Submitted to: Contest #309

Pam's Last Sonnet

Written in response to: "Write a story with a person’s name in the title."

Science Fiction Speculative

The train rocked gently back and forth as the Creator sat at the table on the Amtrak train. Despite being a creator of universes, she was unassuming: frizzy brown hair that defied gravity, a coral-colored t-shirt with a starfish, and a pair of black leggings that clung tightly to her slight frame. She sipped a Diet Coke, purchased from a snack car. Writing was easier with Diet Coke, she supposed, a carryover from an attention deficit never fully treated.

She heard him before he arrived. A gentle click-clack sound as his cane hit the floor with each step. He dressed to blend in, but blending in would be impossible since he was almost tall enough to brush the ceiling. Wearing black pants and a royal purple shirt, his lavender hair hung down past his ears, a little longer than she remembered it.

He didn’t speak. Not at first.

Settling into the seat across from her with enough of a sigh to show discomfort, he stretched his legs out as much as the table that separated them would allow.

“I hope you don’t mind my legs stretched out,” he said. “I have a nerve condition.”

“It doesn’t bother me. You look nice with your hair long like that.”

A slight color tinted his cheeks. “It was necessary for my career.”

“Careers are important. I suppose mine might be to someone. I’m a freelance writer and I carry my laptop with me everywhere. I’ve been in Kansas City visiting friends. What were you doing there?”

“I was looking for someone. I had a friend who met her in St. Louis, and he said I ‘just had to meet her.’ By the time I had tried to find her, she had already moved on to her next stop.”

“That’s so sad.” She completed the sentence she was working on, a new fantasy novel. “I bet you’ll find her.
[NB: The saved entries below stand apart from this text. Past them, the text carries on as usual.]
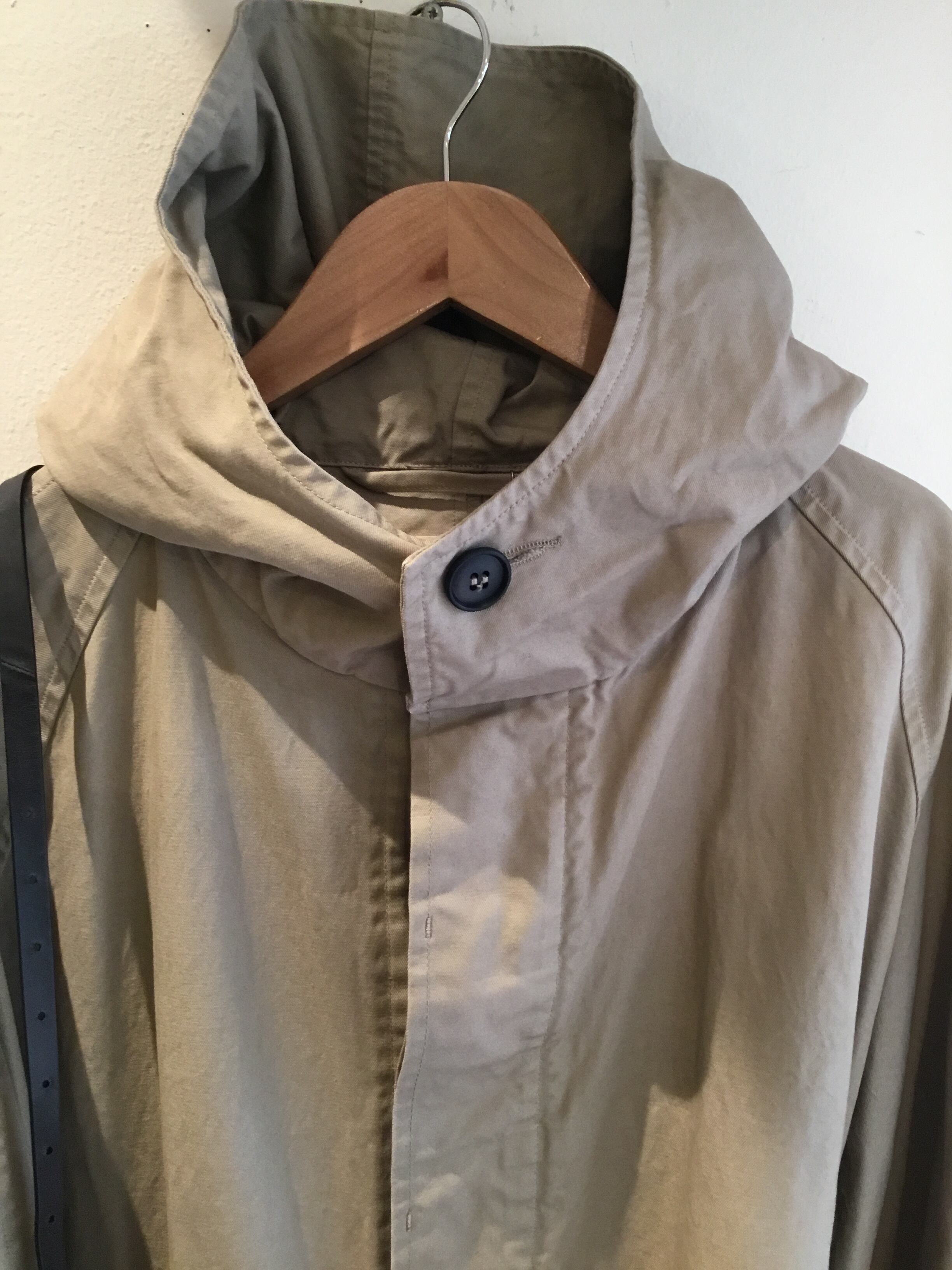 ハリのあるしっかりとしたコットンツイルを使用。製品染めを施す事で生じるムラ感がワークウェアの雰囲気を感じさせてくれます。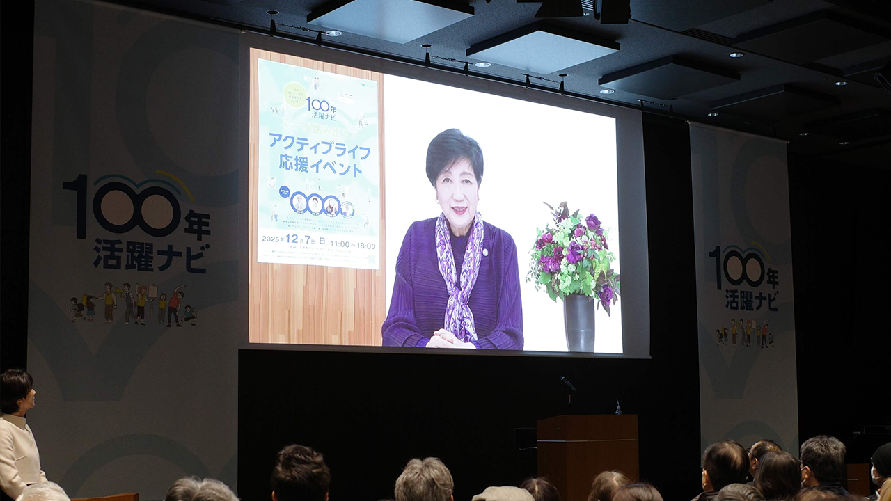 会場内は大きく分けて、講演会が行われるホールエリアと、体験コーナーや展示ブースが並ぶスペースで構成。講演会では、落合博満さん、中井美穂さん、假屋崎省吾さんといった各界の著名人を招き、御自身の経験を踏まえて、シニア・プレシニア世代が生きがいをもって暮らすためのヒントについてお話いただいたほか、東京都健康長寿医療センター研究所副所長の藤原佳典藤原さんからは、社会とのつながりや役割を持つことが、フレイル予防につながるというお話がありました。会場内では、健康チェックや各種体験プログラム、社会参加に関わる団体の展示などを行い、参加者が回遊しながら楽しめるスタイルで実施されました。講演に先立ち上映された小池百合子知事のビデオメッセージでは、「アクティブ長寿社会に向けて一緒に大きな一歩を踏み出しましょう」という呼びかけがありました。
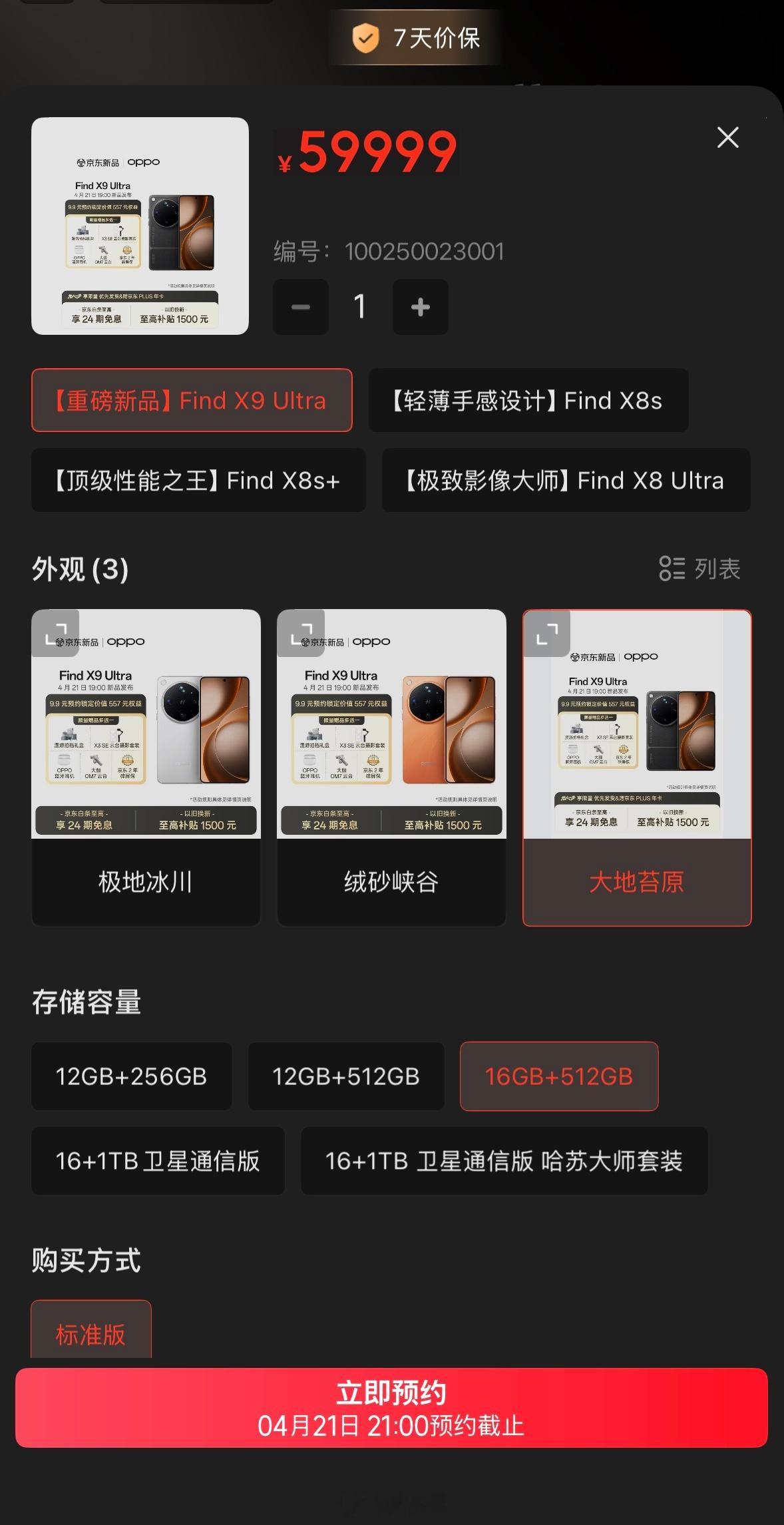 OPPO Find X9 Ultra12GB+256GB12GB+512GB16GB+512GB16GB+1TB 卫星通信版16GB+1TB 卫星通信版 哈苏大师套装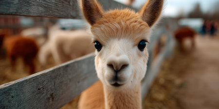 Cute young alpaca exploring its farm environment during a cloudy afternoon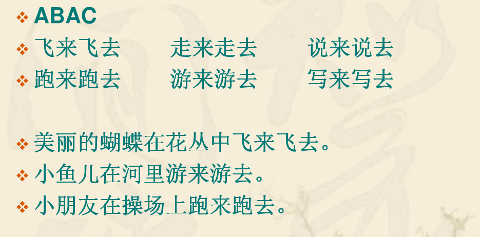 11、A来A去:飞来飞去、游来游去、跑来跑去、跳来跳去、想来想去、写来写去、说来说去、飘来飘去、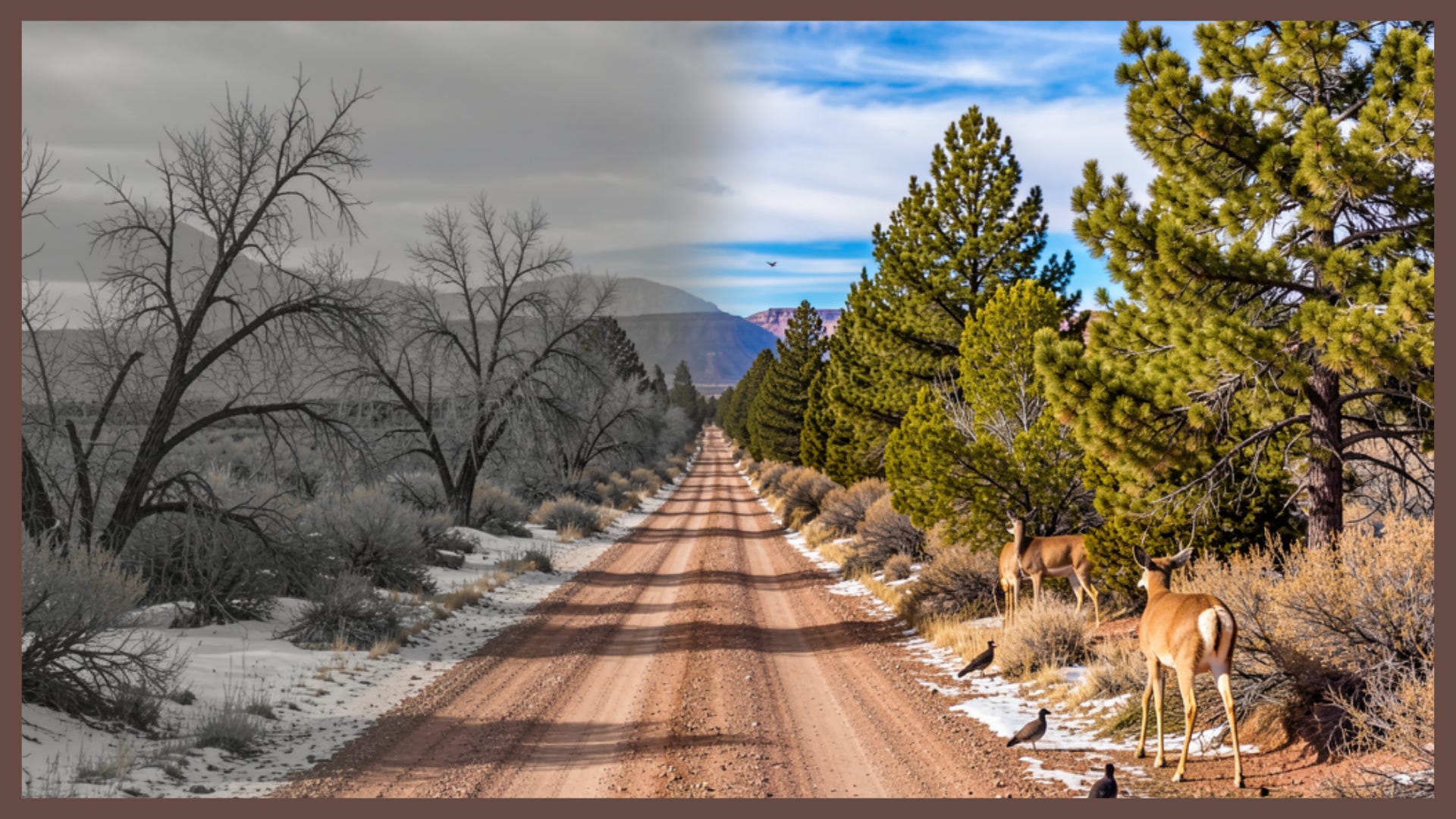 This phase isn’t a fresh start. It’s a continuation. The same deeper coherence that trained me through contact and transmission is now meeting me on an ordinary road in northern New Mexico, United States—using cottonwoods, pines, and winter sky to demonstrate the same lesson: two realities running side by side, and a third—quieter, deeper—holding them both.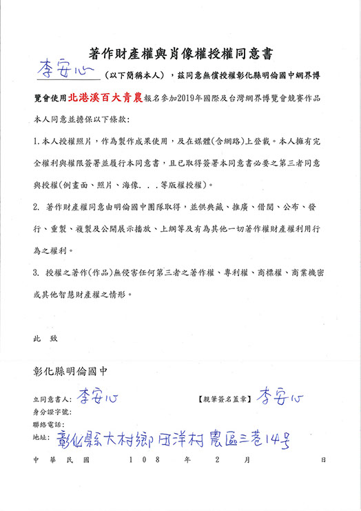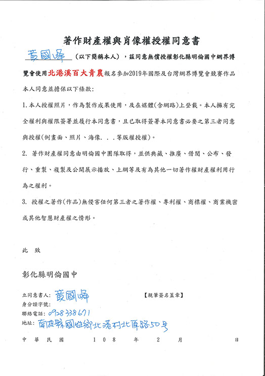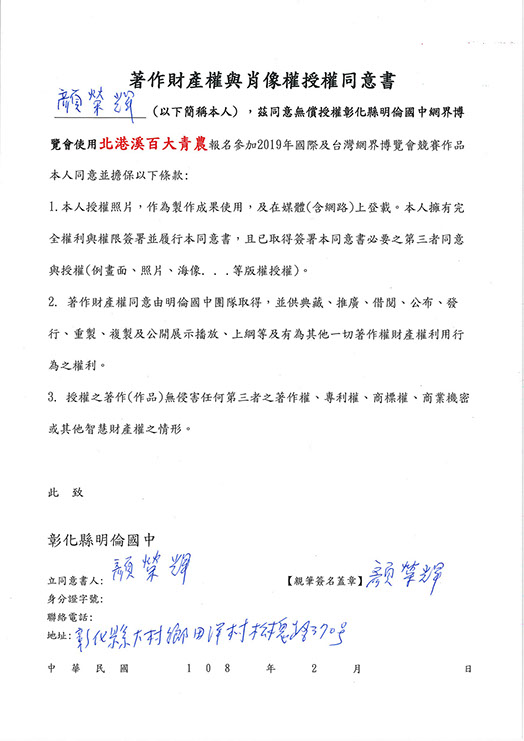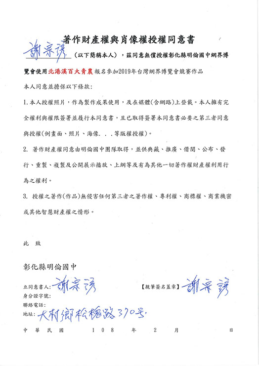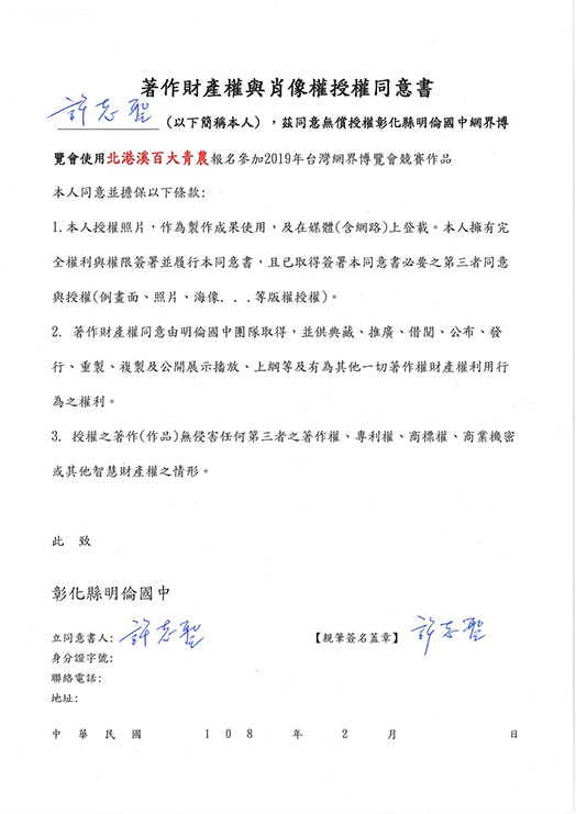 以下展示的是我們受訪對象的,著作財產權與肖像權授權同意書。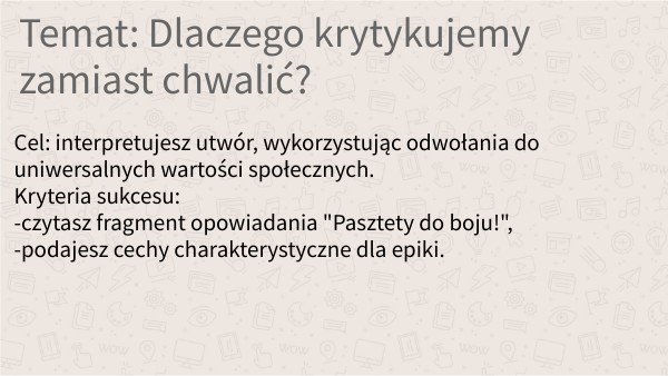 Cel: interpretujesz utwór, wykorzystując odwołania do uniwersalnych wartości społecznych.Kryteria sukcesu: -czytasz fragment opowiadania "Pasztety do boju!", -podajesz cechy charakterystyczne dla epiki.

People have a way of turning up in places you don’t expect them to be. You know, like a misplaced metaphor in a terrible story.”

The man’s irises rotated slightly. Controlled and methodical, in a way that was familiar yet strikingly alien. His eyes shone bright like tanzanite, the words she had written during the first book. Her pulse quickened. The character she created was here, on an Amtrak train while she sat writing his final story.

“I know this is weird, but I think I know you,” she said with a cautious smile. “Your name is Zem Balak. I was the one that wrote your story.”

He bristled, as his eyes stopped rotating, frozen in morbid curiosity. “I don’t want to believe you. If I met someone claiming to have created me, they would be… more like a deity. You just look like a frazzled young woman on a train.”

She closed the lid of the laptop with a slight tremor in her hands, her blue eyes meeting his for a moment before she looked out the window again. “I’m not sure I believe in deities. We all have the power to create. Some of us choose to use it, while others try to hide it.”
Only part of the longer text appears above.